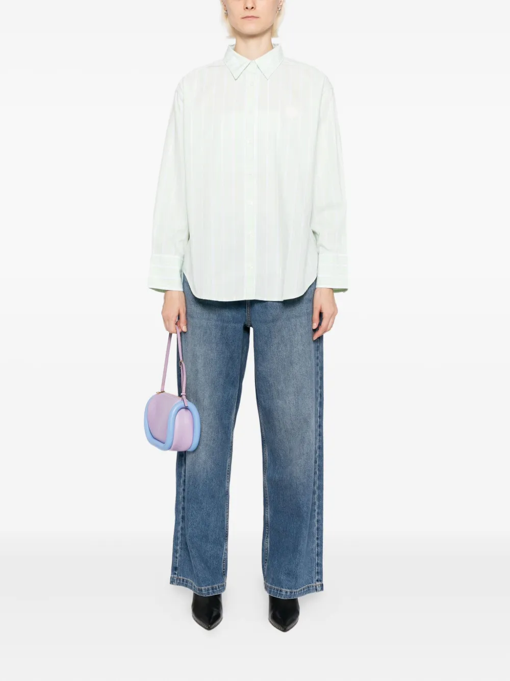 lichtgroen klassieke kraag knoopsluiting aan de voorkant knoopmanchetten gewelfde zoom
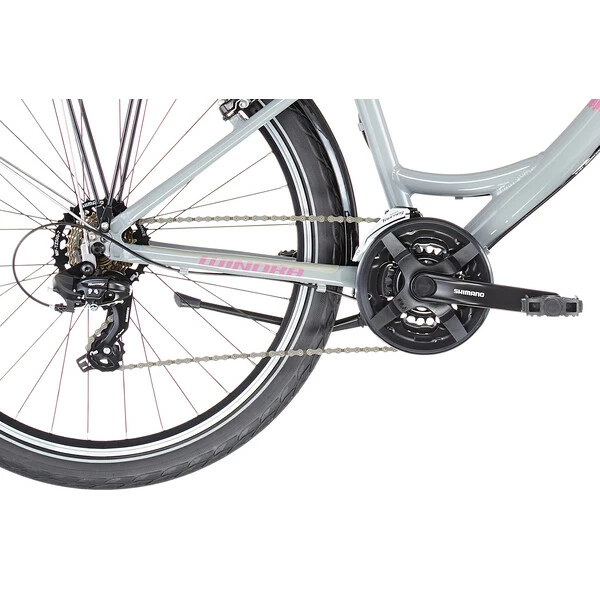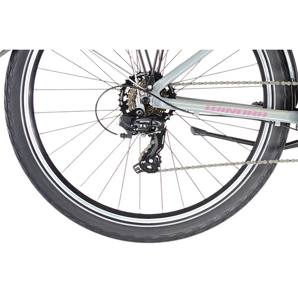 Côté équipement, ce vélo possède tous les accessoires pour les jeunes cyclistes. Il est dôté de freins V-brakes puissants et facilement controlables, et d’un groupe de vitesse Shimano à 3×7 vitesses, facile à utiliser. Son cadre en aluminium 6061 est aussi résistant qu’un modèle adulte, mais avec un poids adapté à l’enfant.
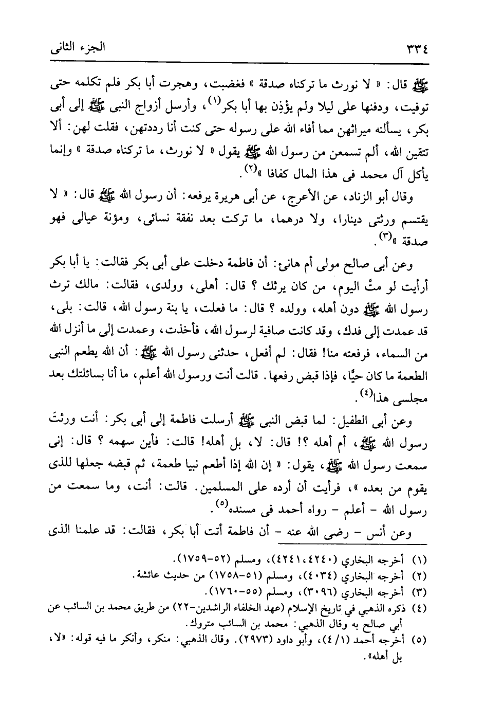 يَقُول إِن الله إِذا أطْعم نَبيا طعمة ثمَّ قَبضه جعلهَا للَّذي يقوم من بعده فَرَأَيْت أَن أرده على الْمُسلمين قَالَت أَنْت وَمَا سَمِعت من رَسُول الله أعلم رَوَاهُ أَحْمد فِي مُسْنده وَعَن أنس رَضِي الله عَنهُ أَن فَاطِمَة أَتَت أَبَا بكر فَقَالَت قد علمنَا الَّذِي
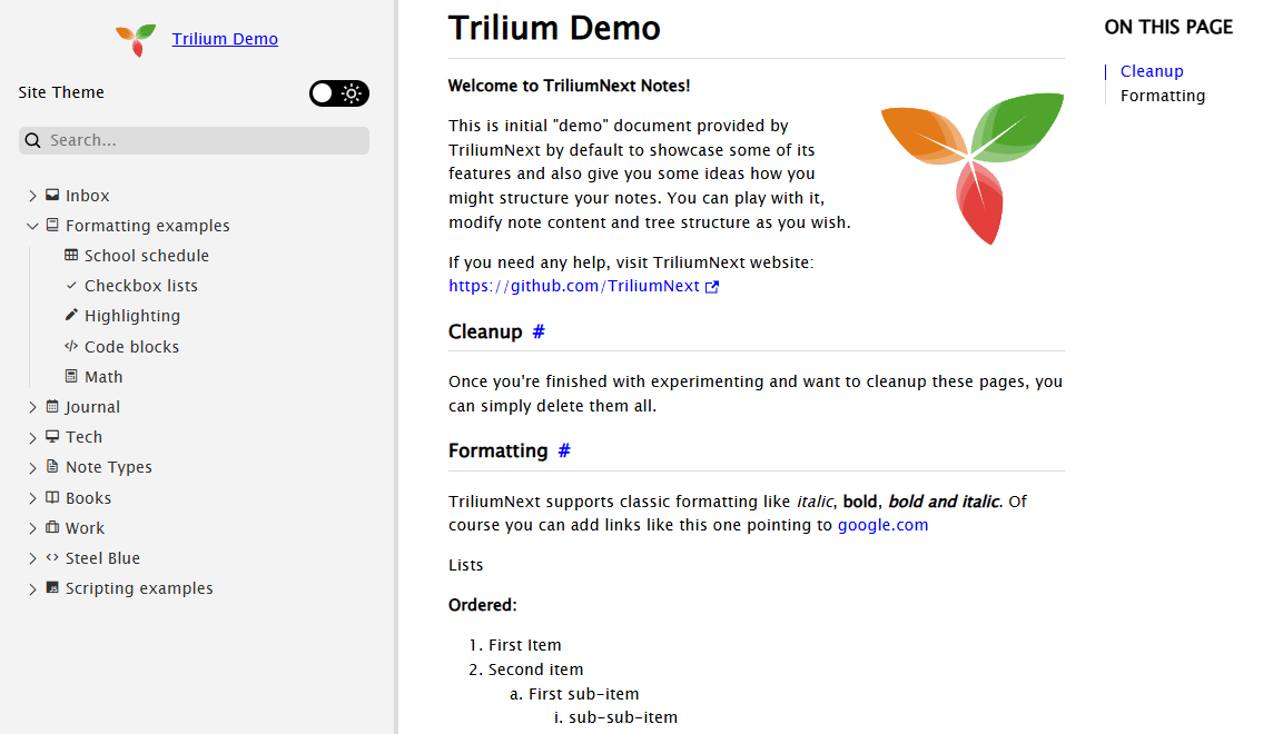 Trilium allows you to share selected notes as publicly accessible read-only documents. This feature is particularly useful for publishing content directly from your Trilium notes, making it accessible to others online.
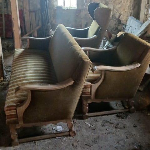 Let lille sofa, en lænestol og bord i egetræ.
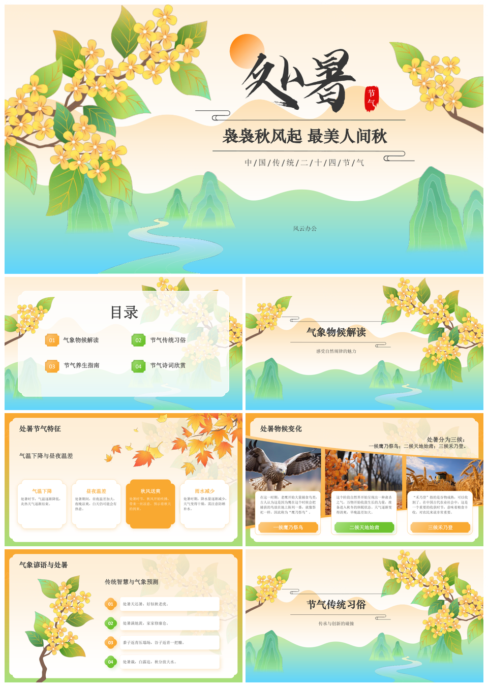这是一张2025处暑二十四节气秋季气象健康作息习俗科普PPT模板,包含2025、处暑、二十四节气、秋季、气象、健康、作息、习俗、科普等主题内容,也可用作2025处暑二十四节气秋季气象、处暑二十四节气秋季气象健康、二十四节气秋季气象健康作息、秋季气象健康作息习俗、气象健康作息习俗科普、2025处暑二十四节气秋季、处暑二十四节气秋季气象、二十四节气秋季气象健康、秋季气象健康作息、气象健康作息习俗、健康作息习俗科普、2025处暑二十四节气、处暑二十四节气秋季、二十四节气秋季气象、秋季气象健康作息等PPT场景使用。 风云办公提供的2025处暑二十四节气秋季气象健康作息习俗科普PPT模板,下载格式为pptx,一共19页,作品中文字及图均可以修改和编辑,图片更改请在作品中右键图片并更换,文字修改请直接点击文字进行修改。

• [Task requirements]:
Return all of the material above unchanged, minus its pictures.

• [Response area]:
 lichtgroen klassieke kraag knoopsluiting aan de voorkant knoopmanchetten gewelfde zoom
 Côté équipement, ce vélo possède tous les accessoires pour les jeunes cyclistes. Il est dôté de freins V-brakes puissants et facilement controlables, et d’un groupe de vitesse Shimano à 3×7 vitesses, facile à utiliser. Son cadre en aluminium 6061 est aussi résistant qu’un modèle adulte, mais avec un poids adapté à l’enfant.
 يَقُول إِن الله إِذا أطْعم نَبيا طعمة ثمَّ قَبضه جعلهَا للَّذي يقوم من بعده فَرَأَيْت أَن أرده على الْمُسلمين قَالَت أَنْت وَمَا سَمِعت من رَسُول الله أعلم رَوَاهُ أَحْمد فِي مُسْنده وَعَن أنس رَضِي الله عَنهُ أَن فَاطِمَة أَتَت أَبَا بكر فَقَالَت قد علمنَا الَّذِي
 Trilium allows you to share selected notes as publicly accessible read-only documents. This feature is particularly useful for publishing content directly from your Trilium notes, making it accessible to others online.
 Let lille sofa, en lænestol og bord i egetræ.
这是一张2025处暑二十四节气秋季气象健康作息习俗科普PPT模板,包含2025、处暑、二十四节气、秋季、气象、健康、作息、习俗、科普等主题内容,也可用作2025处暑二十四节气秋季气象、处暑二十四节气秋季气象健康、二十四节气秋季气象健康作息、秋季气象健康作息习俗、气象健康作息习俗科普、2025处暑二十四节气秋季、处暑二十四节气秋季气象、二十四节气秋季气象健康、秋季气象健康作息、气象健康作息习俗、健康作息习俗科普、2025处暑二十四节气、处暑二十四节气秋季、二十四节气秋季气象、秋季气象健康作息等PPT场景使用。 风云办公提供的2025处暑二十四节气秋季气象健康作息习俗科普PPT模板,下载格式为pptx,一共19页,作品中文字及图均可以修改和编辑,图片更改请在作品中右键图片并更换,文字修改请直接点击文字进行修改。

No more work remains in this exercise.